Troubleshoot Problems with a Host System

Use the Troubleshooting tabs to identify the root cause of problems that the system does not resolve by alert recommendations or simple analysis.
To troubleshoot the symptoms of the capacity problems that are occurring on the cluster and host system, and determine when those problems occurred, use the Troubleshooting tabs to investigate the memory problem.

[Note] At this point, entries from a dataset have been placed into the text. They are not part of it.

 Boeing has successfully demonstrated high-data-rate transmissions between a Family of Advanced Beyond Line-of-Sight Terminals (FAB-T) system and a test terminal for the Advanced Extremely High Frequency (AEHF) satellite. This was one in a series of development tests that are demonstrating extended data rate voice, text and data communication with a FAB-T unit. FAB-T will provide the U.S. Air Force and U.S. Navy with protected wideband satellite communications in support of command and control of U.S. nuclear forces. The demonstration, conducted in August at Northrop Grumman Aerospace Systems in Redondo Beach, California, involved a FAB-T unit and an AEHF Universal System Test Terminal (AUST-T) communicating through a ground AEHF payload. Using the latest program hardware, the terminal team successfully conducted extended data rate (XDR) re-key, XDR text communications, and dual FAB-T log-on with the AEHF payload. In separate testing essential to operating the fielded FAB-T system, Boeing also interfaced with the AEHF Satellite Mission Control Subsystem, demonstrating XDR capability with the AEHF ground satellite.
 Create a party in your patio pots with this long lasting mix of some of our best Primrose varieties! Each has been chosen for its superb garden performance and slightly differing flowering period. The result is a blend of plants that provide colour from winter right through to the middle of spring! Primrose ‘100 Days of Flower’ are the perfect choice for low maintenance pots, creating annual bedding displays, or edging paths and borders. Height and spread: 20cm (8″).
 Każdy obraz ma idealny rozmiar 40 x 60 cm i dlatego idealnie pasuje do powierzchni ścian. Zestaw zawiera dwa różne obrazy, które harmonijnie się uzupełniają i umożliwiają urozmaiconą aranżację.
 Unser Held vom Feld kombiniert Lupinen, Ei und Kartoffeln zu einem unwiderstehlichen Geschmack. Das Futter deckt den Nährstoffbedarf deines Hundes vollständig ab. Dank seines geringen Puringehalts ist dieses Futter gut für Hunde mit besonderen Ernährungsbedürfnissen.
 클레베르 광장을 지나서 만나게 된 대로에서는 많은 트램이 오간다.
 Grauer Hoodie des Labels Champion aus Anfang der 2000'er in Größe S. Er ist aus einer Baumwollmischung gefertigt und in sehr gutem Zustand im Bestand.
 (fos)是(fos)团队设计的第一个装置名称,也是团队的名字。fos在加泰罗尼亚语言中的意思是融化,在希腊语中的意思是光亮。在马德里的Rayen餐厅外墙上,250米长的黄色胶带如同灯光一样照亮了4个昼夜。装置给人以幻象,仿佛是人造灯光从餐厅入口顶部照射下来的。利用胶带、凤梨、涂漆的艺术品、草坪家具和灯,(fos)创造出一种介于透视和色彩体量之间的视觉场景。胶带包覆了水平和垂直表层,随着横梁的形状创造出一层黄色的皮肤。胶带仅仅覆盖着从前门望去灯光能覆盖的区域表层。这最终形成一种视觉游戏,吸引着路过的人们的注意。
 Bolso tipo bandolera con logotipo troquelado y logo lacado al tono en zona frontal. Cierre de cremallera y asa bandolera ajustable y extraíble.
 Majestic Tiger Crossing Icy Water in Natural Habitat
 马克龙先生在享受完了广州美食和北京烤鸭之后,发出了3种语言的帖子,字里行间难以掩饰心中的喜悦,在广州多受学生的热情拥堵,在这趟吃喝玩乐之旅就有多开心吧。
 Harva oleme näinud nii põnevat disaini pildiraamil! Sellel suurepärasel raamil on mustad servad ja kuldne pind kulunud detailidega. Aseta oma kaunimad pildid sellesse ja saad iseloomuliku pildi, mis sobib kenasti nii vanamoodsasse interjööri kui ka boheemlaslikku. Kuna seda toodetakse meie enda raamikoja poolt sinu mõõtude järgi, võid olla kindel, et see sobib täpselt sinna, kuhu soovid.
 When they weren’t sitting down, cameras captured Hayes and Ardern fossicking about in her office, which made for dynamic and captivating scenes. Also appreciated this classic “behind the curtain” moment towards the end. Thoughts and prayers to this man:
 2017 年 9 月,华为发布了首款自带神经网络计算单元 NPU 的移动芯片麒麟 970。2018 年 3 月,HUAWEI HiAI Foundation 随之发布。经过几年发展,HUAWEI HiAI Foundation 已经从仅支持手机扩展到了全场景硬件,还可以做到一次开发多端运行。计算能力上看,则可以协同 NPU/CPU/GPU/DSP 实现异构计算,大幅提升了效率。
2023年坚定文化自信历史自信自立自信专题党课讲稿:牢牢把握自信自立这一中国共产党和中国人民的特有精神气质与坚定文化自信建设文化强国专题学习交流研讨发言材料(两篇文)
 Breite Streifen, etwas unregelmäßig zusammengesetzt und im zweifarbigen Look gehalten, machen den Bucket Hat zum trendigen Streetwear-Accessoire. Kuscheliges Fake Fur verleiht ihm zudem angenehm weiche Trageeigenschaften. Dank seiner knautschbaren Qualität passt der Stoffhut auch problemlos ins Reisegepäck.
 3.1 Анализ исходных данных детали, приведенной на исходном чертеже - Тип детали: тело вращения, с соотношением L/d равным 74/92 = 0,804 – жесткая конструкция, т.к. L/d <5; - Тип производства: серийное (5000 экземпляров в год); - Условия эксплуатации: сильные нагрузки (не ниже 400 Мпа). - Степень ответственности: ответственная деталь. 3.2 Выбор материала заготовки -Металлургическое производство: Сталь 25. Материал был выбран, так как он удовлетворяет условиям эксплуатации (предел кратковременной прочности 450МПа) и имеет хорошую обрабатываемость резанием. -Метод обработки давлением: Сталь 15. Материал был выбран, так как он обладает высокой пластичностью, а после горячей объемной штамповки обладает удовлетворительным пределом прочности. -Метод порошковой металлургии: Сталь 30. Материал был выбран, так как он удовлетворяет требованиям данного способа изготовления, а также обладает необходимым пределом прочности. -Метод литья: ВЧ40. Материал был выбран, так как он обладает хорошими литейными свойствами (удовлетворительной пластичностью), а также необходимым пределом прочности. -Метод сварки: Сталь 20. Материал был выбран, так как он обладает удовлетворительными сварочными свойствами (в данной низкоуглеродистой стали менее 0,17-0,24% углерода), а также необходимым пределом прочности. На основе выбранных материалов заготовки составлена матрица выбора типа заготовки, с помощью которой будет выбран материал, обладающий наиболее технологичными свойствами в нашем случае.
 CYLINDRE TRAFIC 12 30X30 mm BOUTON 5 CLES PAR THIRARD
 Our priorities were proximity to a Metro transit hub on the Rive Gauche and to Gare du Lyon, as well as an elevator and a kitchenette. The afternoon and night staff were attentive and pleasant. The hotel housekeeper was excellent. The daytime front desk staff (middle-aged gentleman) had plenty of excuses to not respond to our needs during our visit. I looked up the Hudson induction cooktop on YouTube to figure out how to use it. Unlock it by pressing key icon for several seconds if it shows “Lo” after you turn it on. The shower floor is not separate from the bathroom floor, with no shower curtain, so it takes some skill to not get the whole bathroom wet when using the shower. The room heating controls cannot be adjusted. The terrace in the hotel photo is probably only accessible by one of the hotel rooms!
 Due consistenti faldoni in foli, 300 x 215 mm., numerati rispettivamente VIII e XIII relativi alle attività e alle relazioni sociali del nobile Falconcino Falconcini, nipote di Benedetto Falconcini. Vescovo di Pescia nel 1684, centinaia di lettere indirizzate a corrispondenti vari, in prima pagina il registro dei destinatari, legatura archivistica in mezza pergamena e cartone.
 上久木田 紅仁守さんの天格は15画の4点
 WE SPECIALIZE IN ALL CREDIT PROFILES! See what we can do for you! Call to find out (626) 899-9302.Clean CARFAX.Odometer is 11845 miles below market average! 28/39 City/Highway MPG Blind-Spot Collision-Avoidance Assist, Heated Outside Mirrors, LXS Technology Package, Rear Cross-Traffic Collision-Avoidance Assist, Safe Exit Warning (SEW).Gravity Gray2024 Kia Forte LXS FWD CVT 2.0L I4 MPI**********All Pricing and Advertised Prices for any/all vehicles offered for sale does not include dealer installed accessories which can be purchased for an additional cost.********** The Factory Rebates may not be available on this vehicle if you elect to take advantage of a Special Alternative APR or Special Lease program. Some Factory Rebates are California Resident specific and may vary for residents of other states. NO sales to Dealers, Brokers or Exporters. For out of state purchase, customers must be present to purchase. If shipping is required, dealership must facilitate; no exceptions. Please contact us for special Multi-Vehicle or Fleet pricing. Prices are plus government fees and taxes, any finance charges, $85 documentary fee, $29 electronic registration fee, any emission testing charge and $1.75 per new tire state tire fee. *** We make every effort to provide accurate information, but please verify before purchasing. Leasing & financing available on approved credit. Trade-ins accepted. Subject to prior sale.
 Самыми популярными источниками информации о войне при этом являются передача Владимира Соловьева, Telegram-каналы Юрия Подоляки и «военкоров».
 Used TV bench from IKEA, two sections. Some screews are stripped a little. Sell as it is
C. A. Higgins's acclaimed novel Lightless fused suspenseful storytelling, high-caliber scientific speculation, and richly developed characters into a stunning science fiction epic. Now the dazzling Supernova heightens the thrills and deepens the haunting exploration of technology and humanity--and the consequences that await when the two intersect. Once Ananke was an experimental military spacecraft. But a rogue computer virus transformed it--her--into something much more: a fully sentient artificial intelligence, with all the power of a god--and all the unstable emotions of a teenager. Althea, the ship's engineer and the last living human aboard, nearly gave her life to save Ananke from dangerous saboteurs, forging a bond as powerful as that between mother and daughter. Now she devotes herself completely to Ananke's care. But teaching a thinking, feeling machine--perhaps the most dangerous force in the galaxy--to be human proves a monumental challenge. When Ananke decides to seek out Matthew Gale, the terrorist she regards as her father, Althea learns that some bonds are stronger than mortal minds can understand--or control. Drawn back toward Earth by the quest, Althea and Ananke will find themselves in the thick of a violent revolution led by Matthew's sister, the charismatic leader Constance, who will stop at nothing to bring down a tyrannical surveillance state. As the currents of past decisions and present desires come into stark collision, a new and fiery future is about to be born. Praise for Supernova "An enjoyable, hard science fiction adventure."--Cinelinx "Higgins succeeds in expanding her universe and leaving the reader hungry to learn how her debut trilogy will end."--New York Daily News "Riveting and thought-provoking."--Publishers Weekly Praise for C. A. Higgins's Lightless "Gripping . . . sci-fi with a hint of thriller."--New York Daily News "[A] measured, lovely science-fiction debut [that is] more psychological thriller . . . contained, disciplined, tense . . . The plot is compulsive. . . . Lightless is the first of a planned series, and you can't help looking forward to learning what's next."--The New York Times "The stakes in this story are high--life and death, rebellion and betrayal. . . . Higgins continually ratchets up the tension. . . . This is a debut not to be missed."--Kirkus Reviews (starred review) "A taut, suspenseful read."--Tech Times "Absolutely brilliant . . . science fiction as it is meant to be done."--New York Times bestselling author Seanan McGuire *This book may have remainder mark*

  1. From the left menu, click
    Environment
    , and then click
    Object Browser
    >
    vSphere Hosts and Clusters
    and select the object. For example, USA-Cluster.
  2. Click the
    Alerts
    tab and review the symptoms.
    The
    Symptoms
    tab displays the symptoms that triggered on the selected cluster. You notice that several critical symptoms exist.
    • Cluster Compute Resource Time Remaining with committed projects is critically low
    • Cluster Compute Resource Time Remaining is critically low
    • Capacity remaining is critically low
  3. Investigate the critical symptoms.
    1. Point to each critical symptom to identify the metric used.
    2. To view only the symptoms that affect the cluster, enter
      cluster
      in the quick filter text box.
      When you point to
      Cluster Compute Resource Time Remaining is critically low
      , the metric
      Capacity|Time Remaining
      appears. You notice that its value is less than or equal to zero, which caused the capacity symptom to trigger and generate an alert on the USA-Cluster.
  4. Click the
    Events > Timeline
    tab to review the triggered symptoms, alerts, and events that occurred on the USA-Cluster over time, and identify when the problems occurred.
    1. Click the calendar and select
      Last 7 Days
      as the range.
      Several events appear in red.
    2. Point to each event to view the details.
    3. To display the events that occurred on the cluster's data center, click
      View From
      , and select
      Datacenter
      .
      Warning events for the data center appear in yellow.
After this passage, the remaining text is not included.